Despite recent voter approval of Proposition A, the parcel tax expected to bring $14 million annually to City College of San Francisco, faculty there are enduring pay cuts and layoffs, a reality that has rankled union leaders and others who have rallied to save the school. 

In the face of the school’s accreditation crisis, which if not addressed by March could lead to its closure, the college was a united front to keep the school open and pass Prop. A, which was approved by over 70 percent of San Francisco voters on the same night as President Obama’s reelection.

But a combination of timing (the money won’t roll in until later in 2013), the depth of the district’s fiscal hole, and declining student enrollment have left CCSF with essentially status quo funding. District officials appear to be leaning toward using most of the surplus it does get to beef up its scant reserve funds, which was one of the things that triggered the accreditation crisis.  

After the good news of Prop. A’s passage, CCSF discovered it wasn’t on track to meet its required enrollment numbers -- and the number of students enrolled dictates state funding.

“[The administration] was focused on these accreditation reports. It’s a big job. It was very disruptive to change chancellors kind of midstream,” said John Rizzo, the college’s board president. “We had to switch administrations, and that’s been very difficult.”

City College has been through three different chancellors in the past year: longtime Chancellor Don Q. Griffin left in April due to illness, Pamila Fisher was interim chancellor until October, and now Thelma Scott-Skillman is the current chancellor.

Whatever the reason, City College has 3,000 fewer students enrolled than it expected to have for the Spring, potentially putting it $6.5 million in the hole this coming year. It has until the end of summer to boost those numbers. Now, despite all the cards coming up aces for them in the polls, the college still needs to save millions of dollars somewhere else in the budget.

It has started by slashing faculty and administration wages 8.8 percent, and not renewing contracts for more than 30 part time teachers, 18 part time counselors, and 30 clerical staff. Notably, Scott-Skillman -- whose office negotiated the plan, which the board discussed on Dec. 13 -- will also take a paycut.
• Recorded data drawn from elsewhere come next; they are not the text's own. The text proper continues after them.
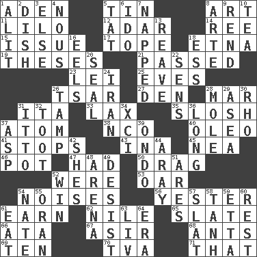 ACROSS 1. Arabian gulf 5. Shallow baking pan 8. Nonscientific branch of learning 11. _ and Stitch 12. The sixth month of the Jewish calendar 14. Portuguese money of account (variant) 15. Come out of 17. Drink excessively 18. Inactive volcano in Sicily 19. College papers 21. Went by 23. Luau accessory 25. Nights before holidays 26. Russian ruler of old 27. Lair 28. Third mo. 31. Call ___ day 33. Not strict 35. Agitate, as a liquid 37. Smallest unit of an element 38. Non-commissioned officer (abbr.) 40. Butter sub 41. Obstructs or blocks passage 43. _ tizzy (2 wds.) 45. Teachers' org. 46. Plant holder 47. Possessed 50. To draw with force 52. We are 53. Boat paddle 54. Annoying sounds 56. Of or pertaining to yesterday 61. Merit 62. The longest river in the world 65. Chalkboard 66. "One Day ___ Time" 67. SW Saudi Arabia district 68. Pismires 69. "___ Little Indians" 70. Federal power corp. 71. Not this but _ DOWN 1. Came down and settled, as after flight 2. Food container 3. Otherwise 4. Good sense 5. Make lace 6. Wedding promise 7. Slept 8. Johnson of "Laugh-In" 9. Tear apart 10. Afternoon social gathering 13. Rob, plunder, or pillage 16. Snakelike fish 18. Double-curved letter 20. Lick closed 22. Elected reps. 24. SW Asia republic 26. Pack (down) 28. Undercover agent 29. Toward the sea 30. 17th letter of the Greek alphabet 31. "Tell ____ the Marines!" 32. A blast of a horn 34. One more than ninety 36. Yearn 37. Cleo's killer 39. Southwest Nigerian state 42. "______ My Girl" (Turtles hit) 44. Like ___ of sunshine 48. Sports stadium 49. Cease 51. Ancient Greek god of war 52. Victory 54. Nathan's nickname 55. Northwest Algerian city 57. Narrow board 58. Hyperbolic tangent 59. Singer James 60. State of inaction 61. Ingest 63. 54 in ancient Rome 64. Epoch
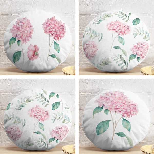 4’lü Beyaz Zemin Üzerinde Ortanca Çiçeği Desenli Modern Yuvarlak Yastık Kırlent Kılıf Seti
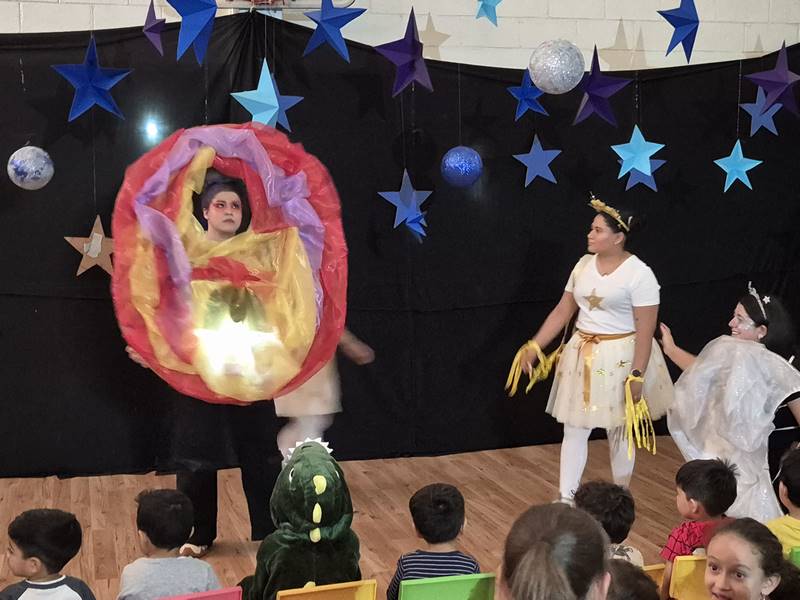 Los niños y sus familias tuvieron la oportunidad de disfrutar de dos cuentos interpretados por las maestras de Happy Kinder: “¿Cómo atrapar una estrella?” y “Nova, la devoradora de estrellas”.

Alisa Messer, president of the faculty union at City College, thinks cutting teachers, and therefore classes, flies in the face of what the voters bargained for with Prop. A. “There’s no discussion here about accountability to San Francisco voters,” Messer told us. And with the loss of competitive wages, the faculty has already started to come apart at the seams.

“We have unfortunately heard from quite a few faculty that they will be looking for jobs out of state,” Messer said. “Many said they’ll have to change their living situation or move out of San Francisco.”

She said that would hurt CCSF: “These things have to do with the long term viability of the college.”

Steve Ngo, a trustee on the college’s board, thinks that the Prop. A money should be used to shore up the school’s reserve fund, as dictated by the accreditation team that threatens the school with closure. Unfortunately, this means losing teachers now rather than later.

“If you want to frame it in terms of labor, there’s nothing worse to do than spending money now [to retain teachers] and laying off teachers in the future,” Ngo said. “Those are younger teachers. The people there now will be retired.”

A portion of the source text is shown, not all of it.